“你到底是誰?”寒歌問。
“你以為我會說?”莫裏笑。“對了,那個小夥子到底在哪裏呢?該不會是繞到我的背後想要偷襲吧。”
說著,反手向身後一劍,硬生生將淩空躍來一劍幾能開山的修缺震落地上。
三人中兩人在樹,一人落地,抬頭瞪眼大吼:“又是你?”
“是我。”莫裏點頭。“這次沒有衛兵,也沒有重甲武士在外麵騷擾,我可以慢慢玩死你們兩個。”
“誰玩死誰?”修缺狂笑,突然一劍斬向莫裏立足大樹。
樹幹有一人粗,用一輛戰車去撞也未必能斷,但被他一劍掃過,便生生從中而斷,斜著滑落。

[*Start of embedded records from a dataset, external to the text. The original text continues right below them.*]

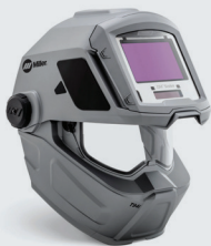
260483 $535 MSP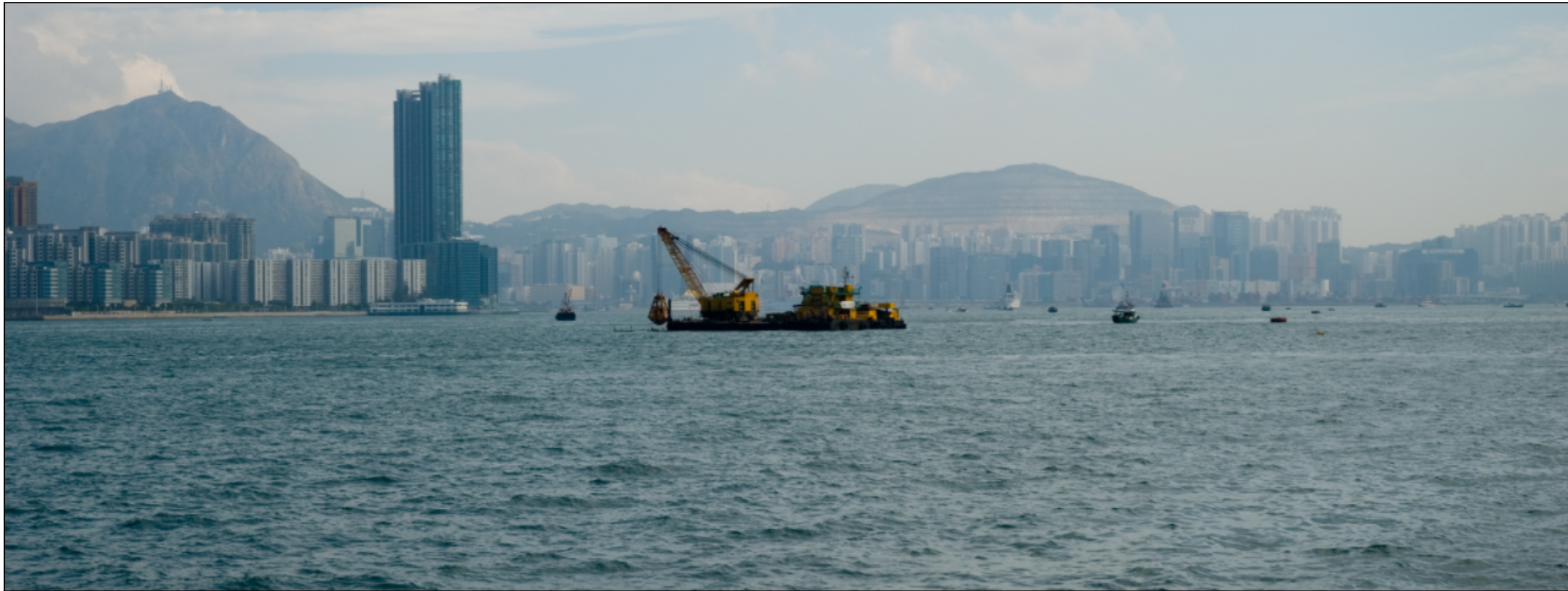
EXISTING CONDITION SVP3 FROM HONG KONG CONVENTION AND EXHIBITION CENTRE (C5.1)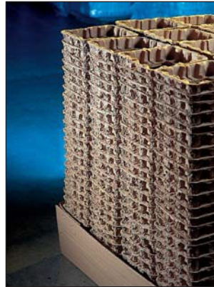
Nesting maximizes floor space efficiency

Fibreform produces high quality molded pulp protective packaging products. Save valuable time and energy by using our one-stop pulp molding resource.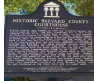
Look for the Marker on-site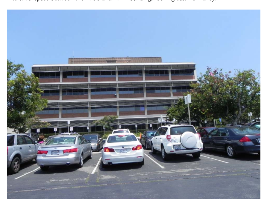
South (primary) façade of the 1971 administration building looking north from the parking lot.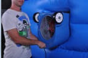
Bubble Blaster 3000 is portable and easy to handle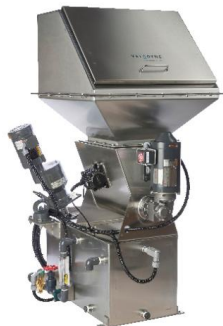
Small Bag Dry Chemical Processing Systems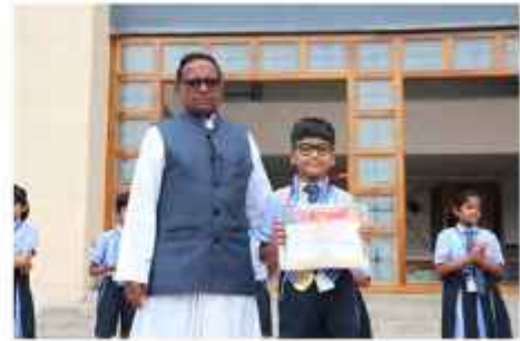
WIZ KIDS CARNIVAL- ALL INDIA KIDS PREMIER LEAGUE -1ST MASTER ORATOR, POEM RECITAL 2ND PRIZE, POEM RECITAL [SEASON -3] 3RD PRIZE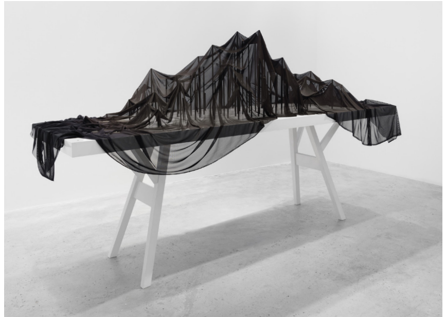
Manuela Ribadeneira, No hay paisaje sin quién mire [There is no landscape without viewer] , 2022, Table, wooden dowels, fabric, variable dimensions, table: 244 x 76 x 84 cm

Cecilia Brunson Projects is pleased to present a solo show by Manuela Ribadeneira (b.1966, Quito, Ecuador). The artist's first show at CBP serves as a continuation of her recent explorations of landscape or paisaje . This series of works stems from her upbringing in Quito. The Ecuadorian capital is surrounded by mountains and volcanoes (both active and dormant) and so they have been an ever-present feature of her life. For Ribadeneira, a paisaje is a place of identity – carried in an individual's memory and psychological makeup. Her interest lies in the relationship between an individual and their surroundings, the construction of the paisaje which occurs through looking and listening. She suggests that a paisaje is “a place from which by looking you define a surrounding.”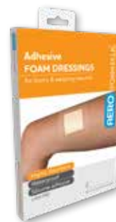
Waterproof Foam Dressing 2pk AFPA0052 10cm x 10cm | RRP $14.99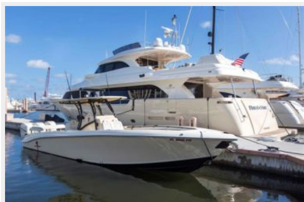
NORTH STAR 86' Ferretti with Tender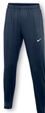
NIKE DRI-FIT ELEMENT PANT DH5183 Page 33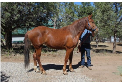
Sedona looking nice n' tall

Don't forget our annual Open house/garage sale on June 28th & 29th, we are now taking donations of salable items.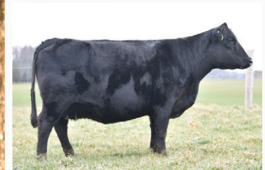
GF MERCEDES 219F | Dam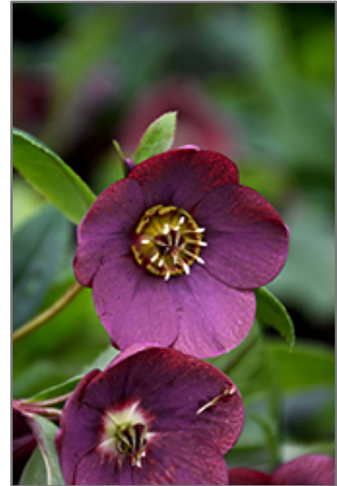
Honeymoon Rome In Red Hellebore flowers

Honeymoon Rome In Red Hellebore is recommended for the following landscape applications;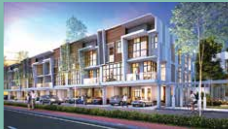
3-storey Waterfront Town Villa - type B Built-up Area : 3,237 sq.ft.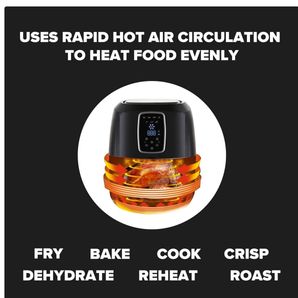
Figure 5.2: Illustrates the rapid hot air circulation technology used by the air fryer to cook food evenly and efficiently.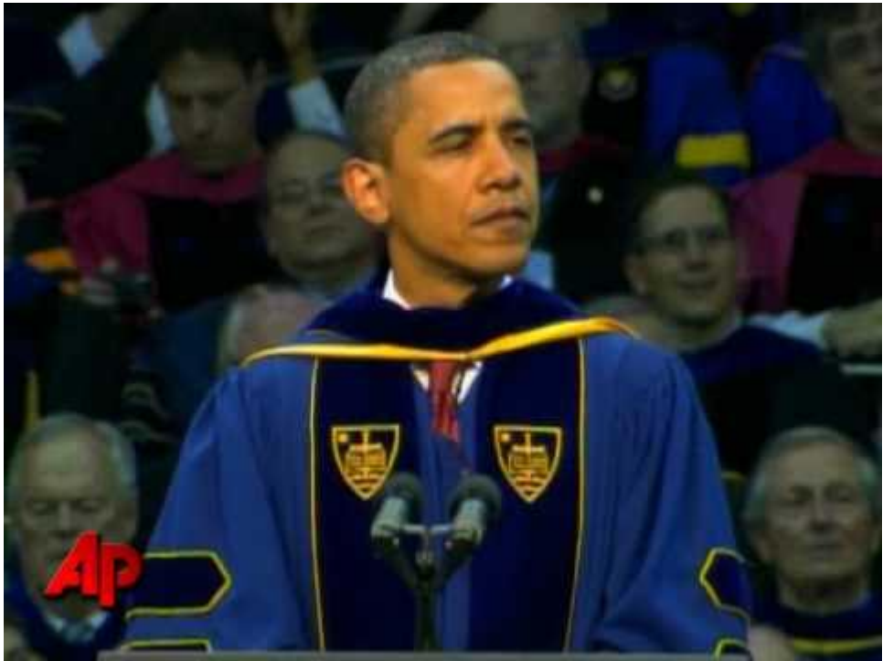
"Wait, what did he just say? I was too busy cleaning my nails."

Looking at his watch..."If these hecklers don't stop I am not going to have time to make it to Mandarin House?"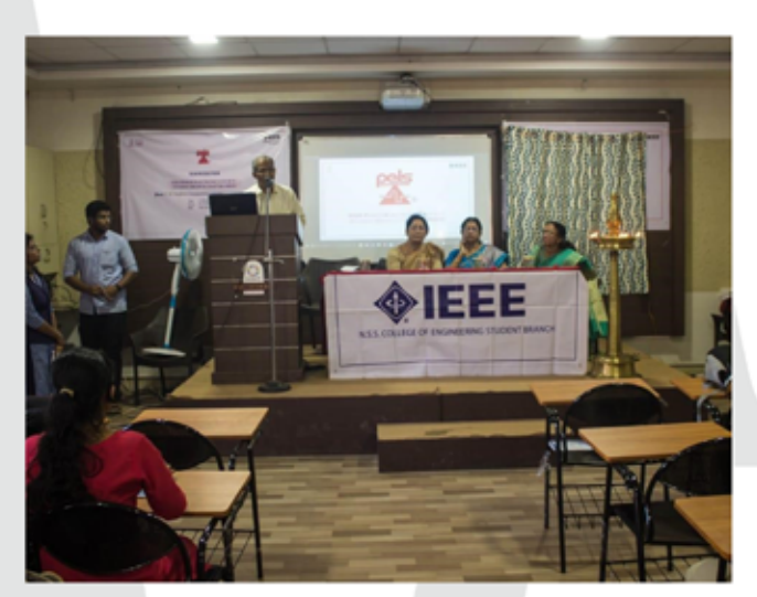
Inauguration of IEEE PELS SB Chapter

On 15th November 2018, the inauguration of IEEE PELS SB NSSCE Chapter took place. This chapter is the first PELS chapter in Kerala Section. A session based on the 'History of Power Electronics' was done. This inauguration created a history in the journey of the IEEE SB NSSCE. The function was attended by more than 75 students.

莫裏立於枝上不動,身形隨樹幹傾斜而傾斜,始終保持與地麵垂直,在某一個絕佳時機裏突然向下墜去。
“閃開!”寒歌厲喝一聲,飛身雙劍連斬。
“我正是要引你來。”莫裏微笑擰身,腳在將倒的樹幹上用力一踏而出,淩空迎向寒歌。寒歌雙劍起舞化成兩團光芒幻影,但仍擋不住那如毒蛇般的一劍寒光,刹那肩頭中劍,血灑當空。
修缺狂叫,拔地而起,一劍化為流星刺向莫裏,莫裏抽劍擰身,一腳踢在寒歌身上,將寒歌踢出的同時借力躍向一旁,落地時疾掠而來,一劍橫斬。
修缺一刺落空,剛落地上,莫裏便至,他倉促間紅著眼揮劍,取的是與敵人同歸於盡的打法。莫裏微微一笑不和他硬碰硬,淩空一個旋轉,左手按著他的頭頂躍了過去,身子一轉,一腳踢在修缺背後,修缺筆直飛出,撞在一棵樹上。
一踢之力足以令莫裏再次向前掠出,劍如毒蛇,鎖定寒歌。寒歌被一踢摔落,此時剛剛爬起,見劍光已經要到眼前,一口氣不及喘勻便倉促應戰,一時間三劍交擊之聲連響十幾下,但最終還是一道鮮血飛灑,是寒歌再中一劍。